*Data entries*.
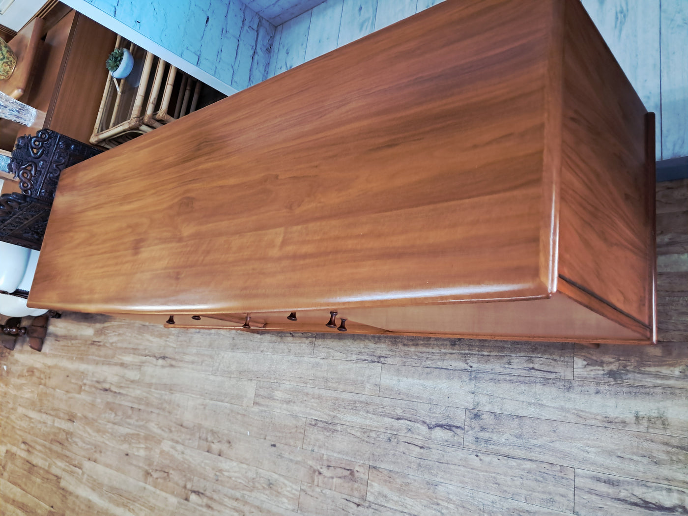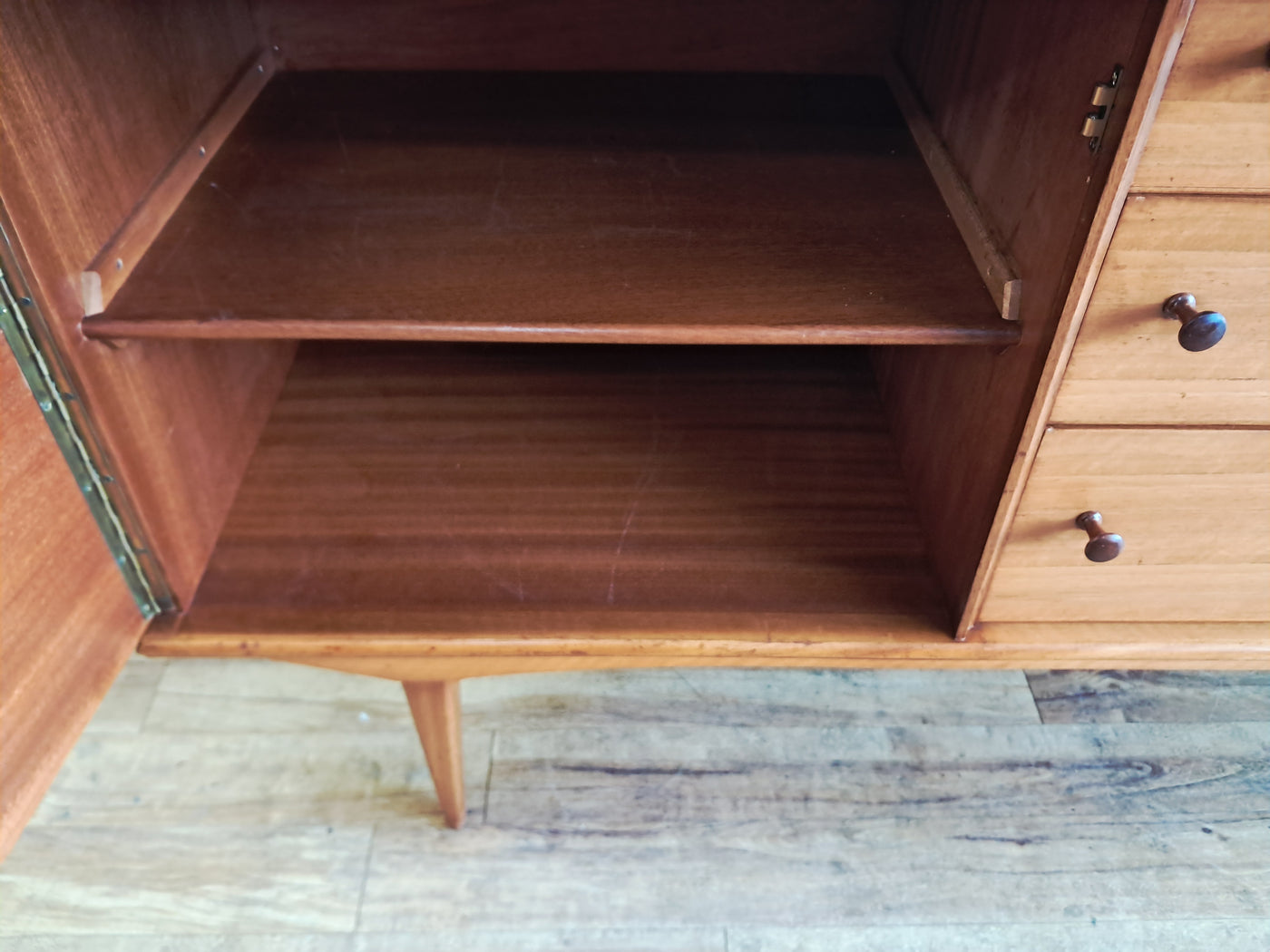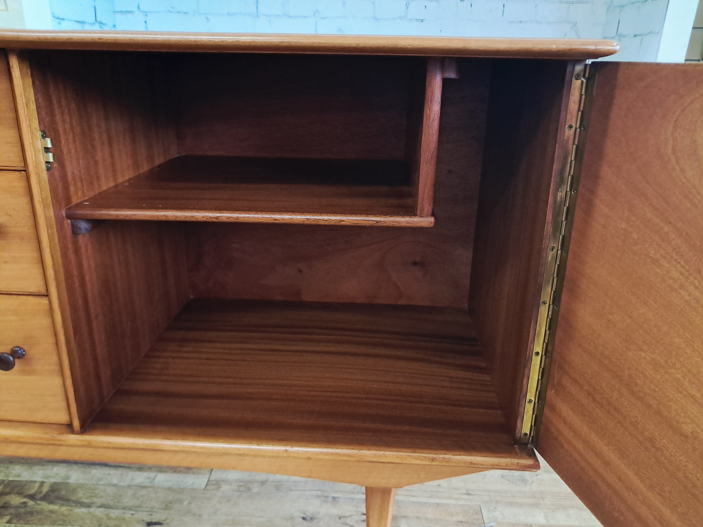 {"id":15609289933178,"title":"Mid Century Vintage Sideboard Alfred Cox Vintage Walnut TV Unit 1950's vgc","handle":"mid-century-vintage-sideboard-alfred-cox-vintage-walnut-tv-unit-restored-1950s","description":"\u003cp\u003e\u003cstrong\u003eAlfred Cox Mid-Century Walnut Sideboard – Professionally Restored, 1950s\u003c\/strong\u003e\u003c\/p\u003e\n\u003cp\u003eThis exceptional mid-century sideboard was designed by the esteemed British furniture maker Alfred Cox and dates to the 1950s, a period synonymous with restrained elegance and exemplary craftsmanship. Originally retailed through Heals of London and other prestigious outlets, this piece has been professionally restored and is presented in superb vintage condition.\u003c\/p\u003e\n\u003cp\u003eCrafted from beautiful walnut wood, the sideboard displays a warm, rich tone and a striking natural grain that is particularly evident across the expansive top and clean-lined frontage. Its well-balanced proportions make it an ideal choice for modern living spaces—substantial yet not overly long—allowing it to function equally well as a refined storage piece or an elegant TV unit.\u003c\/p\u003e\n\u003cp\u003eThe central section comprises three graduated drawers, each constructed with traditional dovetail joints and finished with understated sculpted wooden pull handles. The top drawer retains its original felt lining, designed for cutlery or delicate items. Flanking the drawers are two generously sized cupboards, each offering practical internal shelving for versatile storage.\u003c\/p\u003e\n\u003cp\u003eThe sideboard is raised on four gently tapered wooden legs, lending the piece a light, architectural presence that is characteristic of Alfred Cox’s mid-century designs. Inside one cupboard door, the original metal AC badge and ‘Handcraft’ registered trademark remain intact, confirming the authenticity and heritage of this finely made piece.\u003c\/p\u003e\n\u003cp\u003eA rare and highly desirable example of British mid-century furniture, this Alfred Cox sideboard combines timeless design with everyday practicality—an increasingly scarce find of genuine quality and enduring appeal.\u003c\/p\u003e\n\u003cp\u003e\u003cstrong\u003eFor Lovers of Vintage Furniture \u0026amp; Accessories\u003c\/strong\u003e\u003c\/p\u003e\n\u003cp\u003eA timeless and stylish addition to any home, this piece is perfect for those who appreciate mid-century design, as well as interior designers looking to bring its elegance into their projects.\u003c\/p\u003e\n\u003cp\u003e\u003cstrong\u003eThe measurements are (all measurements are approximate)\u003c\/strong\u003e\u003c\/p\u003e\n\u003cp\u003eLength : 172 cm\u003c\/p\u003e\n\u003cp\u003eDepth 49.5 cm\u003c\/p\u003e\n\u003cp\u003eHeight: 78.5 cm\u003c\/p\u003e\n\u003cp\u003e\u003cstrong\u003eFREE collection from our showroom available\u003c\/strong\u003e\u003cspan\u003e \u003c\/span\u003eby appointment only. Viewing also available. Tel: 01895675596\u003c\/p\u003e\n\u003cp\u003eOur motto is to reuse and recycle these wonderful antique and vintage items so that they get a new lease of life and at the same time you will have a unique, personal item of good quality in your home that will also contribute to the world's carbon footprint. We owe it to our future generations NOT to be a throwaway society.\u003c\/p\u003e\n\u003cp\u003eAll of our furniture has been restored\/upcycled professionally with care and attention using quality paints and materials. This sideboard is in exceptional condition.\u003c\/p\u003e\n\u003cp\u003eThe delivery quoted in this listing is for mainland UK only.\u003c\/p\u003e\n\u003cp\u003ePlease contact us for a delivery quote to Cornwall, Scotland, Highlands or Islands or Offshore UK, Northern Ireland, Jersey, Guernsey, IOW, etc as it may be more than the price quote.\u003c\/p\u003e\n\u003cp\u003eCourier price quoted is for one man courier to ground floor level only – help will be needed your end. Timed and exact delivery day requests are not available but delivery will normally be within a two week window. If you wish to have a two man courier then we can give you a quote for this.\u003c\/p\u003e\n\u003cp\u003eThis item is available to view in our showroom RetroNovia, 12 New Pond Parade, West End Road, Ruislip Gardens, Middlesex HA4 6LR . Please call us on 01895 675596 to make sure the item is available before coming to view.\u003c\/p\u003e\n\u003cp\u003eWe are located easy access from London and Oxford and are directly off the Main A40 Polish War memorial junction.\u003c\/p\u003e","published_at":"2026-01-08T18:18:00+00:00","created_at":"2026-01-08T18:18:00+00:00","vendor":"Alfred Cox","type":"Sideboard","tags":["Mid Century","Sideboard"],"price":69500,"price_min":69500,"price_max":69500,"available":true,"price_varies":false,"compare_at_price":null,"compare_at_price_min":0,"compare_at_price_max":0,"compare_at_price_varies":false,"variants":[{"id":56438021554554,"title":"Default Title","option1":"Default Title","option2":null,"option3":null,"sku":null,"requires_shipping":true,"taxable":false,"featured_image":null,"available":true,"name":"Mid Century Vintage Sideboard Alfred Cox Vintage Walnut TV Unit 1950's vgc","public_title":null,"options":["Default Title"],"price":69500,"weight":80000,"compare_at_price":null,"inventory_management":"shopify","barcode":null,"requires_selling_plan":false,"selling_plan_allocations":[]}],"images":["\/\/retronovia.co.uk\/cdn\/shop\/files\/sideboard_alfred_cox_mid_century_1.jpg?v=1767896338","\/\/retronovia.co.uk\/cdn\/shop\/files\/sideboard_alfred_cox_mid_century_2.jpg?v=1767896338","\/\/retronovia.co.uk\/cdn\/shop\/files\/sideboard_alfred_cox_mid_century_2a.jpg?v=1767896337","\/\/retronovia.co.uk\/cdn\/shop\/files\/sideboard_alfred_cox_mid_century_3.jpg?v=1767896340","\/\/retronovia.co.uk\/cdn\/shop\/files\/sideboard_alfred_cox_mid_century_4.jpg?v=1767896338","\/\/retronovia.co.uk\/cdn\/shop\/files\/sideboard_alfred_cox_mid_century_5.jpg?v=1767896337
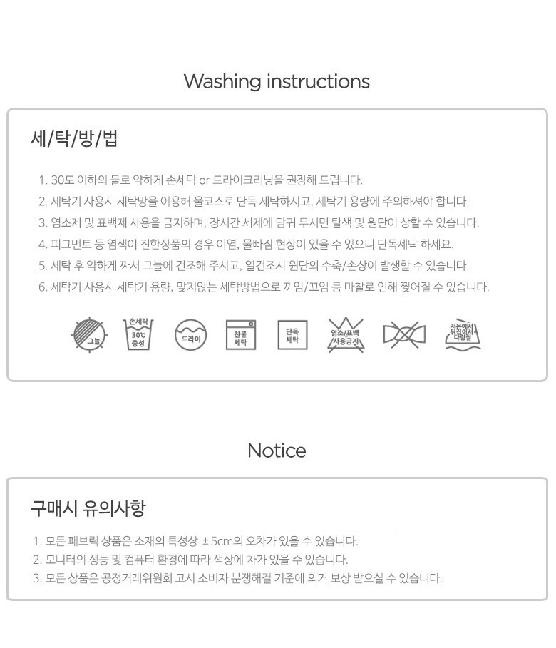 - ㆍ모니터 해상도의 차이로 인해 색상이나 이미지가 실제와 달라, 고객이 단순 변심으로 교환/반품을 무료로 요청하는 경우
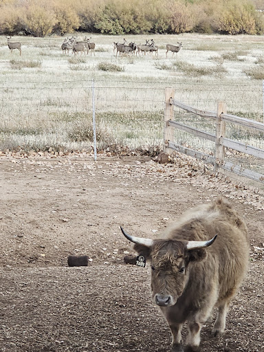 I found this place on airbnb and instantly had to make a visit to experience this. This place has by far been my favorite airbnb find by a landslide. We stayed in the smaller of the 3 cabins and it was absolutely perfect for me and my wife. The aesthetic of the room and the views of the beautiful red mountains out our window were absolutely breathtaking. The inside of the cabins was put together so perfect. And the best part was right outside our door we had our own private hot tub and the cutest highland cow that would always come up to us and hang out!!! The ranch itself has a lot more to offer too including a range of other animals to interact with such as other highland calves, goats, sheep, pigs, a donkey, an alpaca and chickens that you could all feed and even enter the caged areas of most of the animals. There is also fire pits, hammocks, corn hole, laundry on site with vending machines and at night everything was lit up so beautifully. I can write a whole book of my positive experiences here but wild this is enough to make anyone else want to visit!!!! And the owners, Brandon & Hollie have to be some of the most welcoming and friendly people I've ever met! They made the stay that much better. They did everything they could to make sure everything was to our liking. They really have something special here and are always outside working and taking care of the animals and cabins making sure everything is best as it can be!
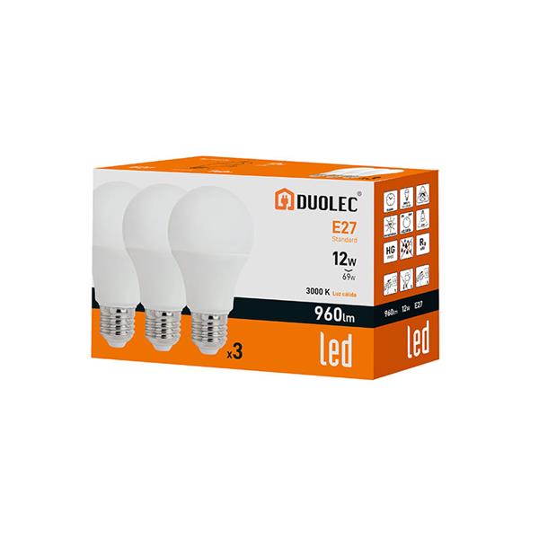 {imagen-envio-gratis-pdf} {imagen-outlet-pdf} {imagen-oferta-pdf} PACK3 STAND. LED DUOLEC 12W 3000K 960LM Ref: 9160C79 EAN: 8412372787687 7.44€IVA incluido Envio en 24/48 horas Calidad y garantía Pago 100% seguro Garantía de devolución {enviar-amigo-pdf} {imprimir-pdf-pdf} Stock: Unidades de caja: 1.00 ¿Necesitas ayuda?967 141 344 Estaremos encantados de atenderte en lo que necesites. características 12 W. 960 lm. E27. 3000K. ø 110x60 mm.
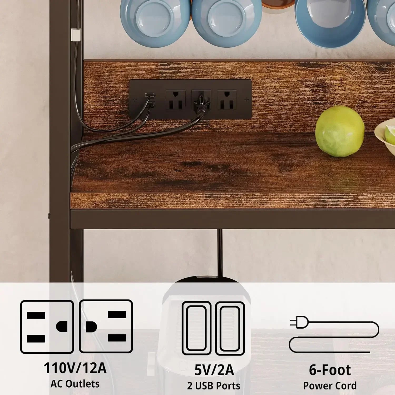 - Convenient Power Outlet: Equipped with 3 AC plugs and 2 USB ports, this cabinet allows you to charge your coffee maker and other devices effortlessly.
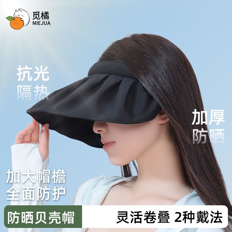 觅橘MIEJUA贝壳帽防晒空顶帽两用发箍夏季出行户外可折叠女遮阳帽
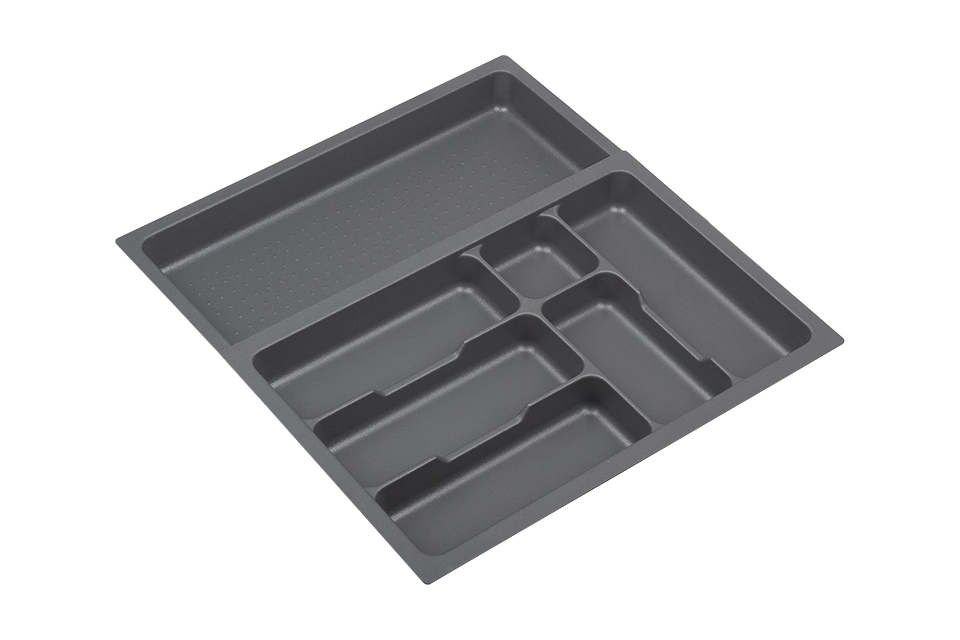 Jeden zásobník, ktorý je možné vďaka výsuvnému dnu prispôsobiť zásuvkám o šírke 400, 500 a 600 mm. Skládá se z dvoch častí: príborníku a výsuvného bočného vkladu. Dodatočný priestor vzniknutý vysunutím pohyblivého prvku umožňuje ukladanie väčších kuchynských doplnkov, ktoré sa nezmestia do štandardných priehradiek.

*To do*. If pictures appear, drop them, and retype exactly the lines from the "觅橘MIEJUA贝壳帽防晒空顶帽两用发箍夏季出行户外可折叠女遮阳帽" line through the last line of the data above.

*Response box*.
 觅橘MIEJUA贝壳帽防晒空顶帽两用发箍夏季出行户外可折叠女遮阳帽
 Jeden zásobník, ktorý je možné vďaka výsuvnému dnu prispôsobiť zásuvkám o šírke 400, 500 a 600 mm. Skládá se z dvoch častí: príborníku a výsuvného bočného vkladu. Dodatočný priestor vzniknutý vysunutím pohyblivého prvku umožňuje ukladanie väčších kuchynských doplnkov, ktoré sa nezmestia do štandardných priehradiek.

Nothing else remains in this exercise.